Task details:
Retype word for word the first line of the listing and each line after it up to the line with "I think luks", with the pictures taken out.

Extracted information:
════════════════
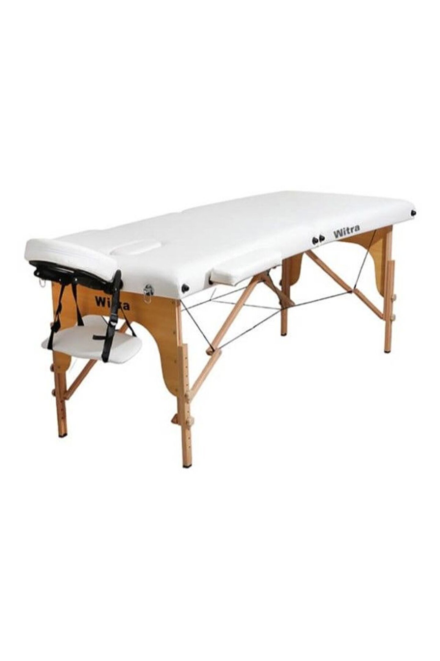 Beyaz 2 Parçalı Katlanabilir Masaj Yatağı Beyaz 2 Parçalı Katlanabilir Masaj Yatağı, kullanıcıların rahatlığını ön planda tutarak tasarlanmıştır.; 185 cm x 66 cm boyutları ve ayarlanabilir yüksekliği ile geniş bir kullanım alanı sunar.; Sağlam ahşap yapısı sayesinde 220 kg’a kadar taşıma kapasitesine sahip olan bu yatak, estetik bej suni deri yüzeyi ile dikkat çeker.; Ergonomik bel ve boyun boşlukları, konforlu bir masaj deneyimi sağlar.; Taşıma çantası ile birlikte gelen yatak, kolay taşınabilir ve depolanabilir.; Beyaz 2 Parçalı Katlanabilir Masaj Yatağı, konfor ve dayanıklılığı bir arada sunar.
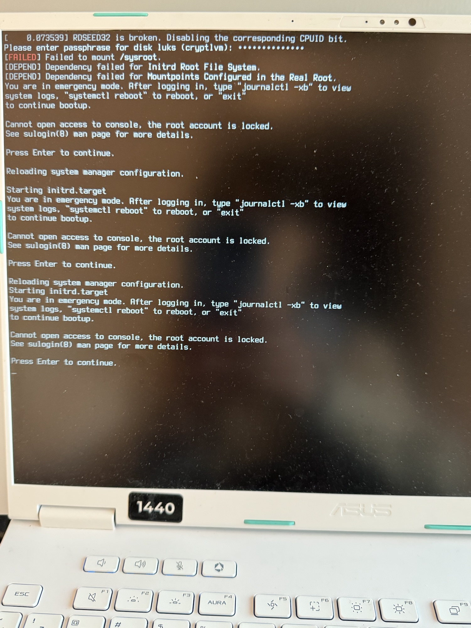 I think luks is decrypted successfully, but maybe lvm or the file system doesn’t work so I can’t go into the kernel.
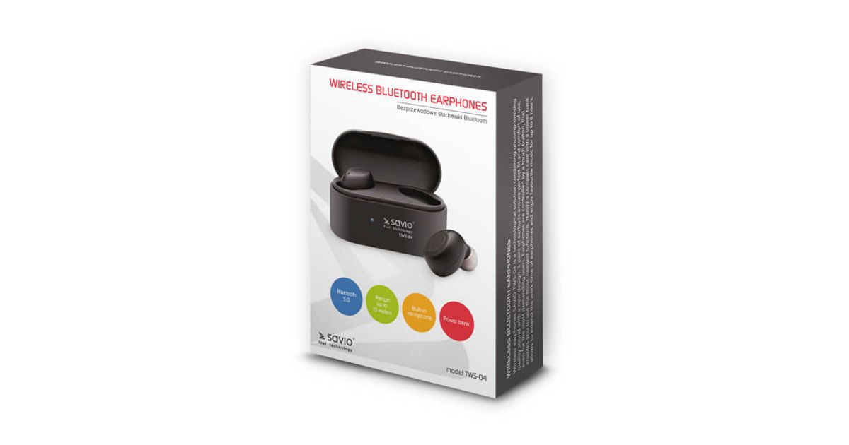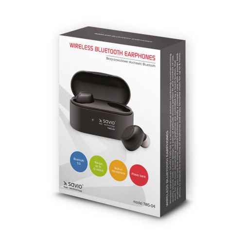 Headphones SAVIO TWS-04 (bluetooth; Bluetooth, wireless; with built-in microphone; black color
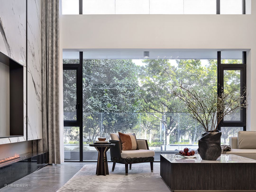 ➊两户打通之后选择西南角作为客厅,并且上方挑空,入户进门显得非常大气,同时超大落地窗提供了充足的采光,也能随时观察到庭院和大门的情况。 ➋ 挑空这一条件可以设置超大的电视背景墙贯通两层的高度,白色大理石上墙搭配棕色的金属装饰柜和木饰面。 ➌地面采用灰色的大片瓷砖铺上巨幅米色地毯,放上线条硬朗的沙发茶几,端庄的同时又能感到温馨。
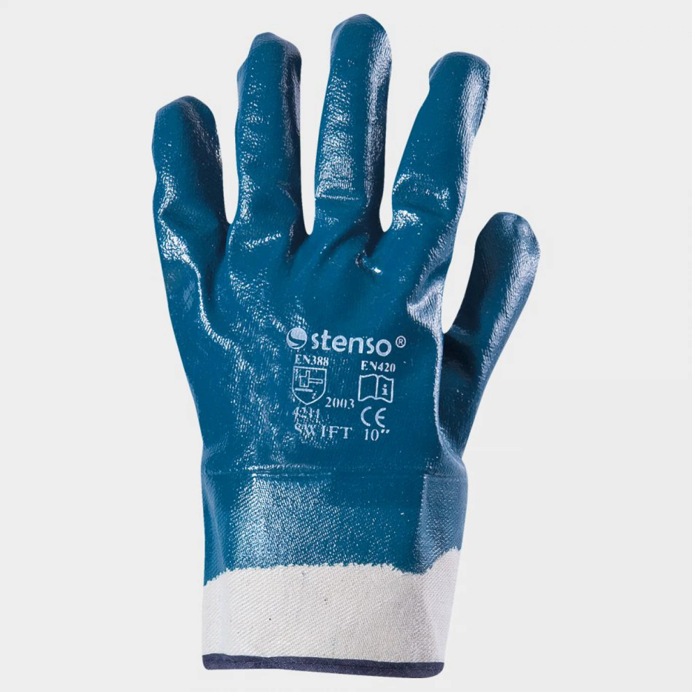 Mănuşi cusute - tricot din bumbac interlock, palma şi degetele imersate în nitril, manşetă rigidă, culoare albastră
════════════════
Written solution:
 Beyaz 2 Parçalı Katlanabilir Masaj Yatağı Beyaz 2 Parçalı Katlanabilir Masaj Yatağı, kullanıcıların rahatlığını ön planda tutarak tasarlanmıştır.; 185 cm x 66 cm boyutları ve ayarlanabilir yüksekliği ile geniş bir kullanım alanı sunar.; Sağlam ahşap yapısı sayesinde 220 kg’a kadar taşıma kapasitesine sahip olan bu yatak, estetik bej suni deri yüzeyi ile dikkat çeker.; Ergonomik bel ve boyun boşlukları, konforlu bir masaj deneyimi sağlar.; Taşıma çantası ile birlikte gelen yatak, kolay taşınabilir ve depolanabilir.; Beyaz 2 Parçalı Katlanabilir Masaj Yatağı, konfor ve dayanıklılığı bir arada sunar.
 I think luks is decrypted successfully, but maybe lvm or the file system doesn’t work so I can’t go into the kernel.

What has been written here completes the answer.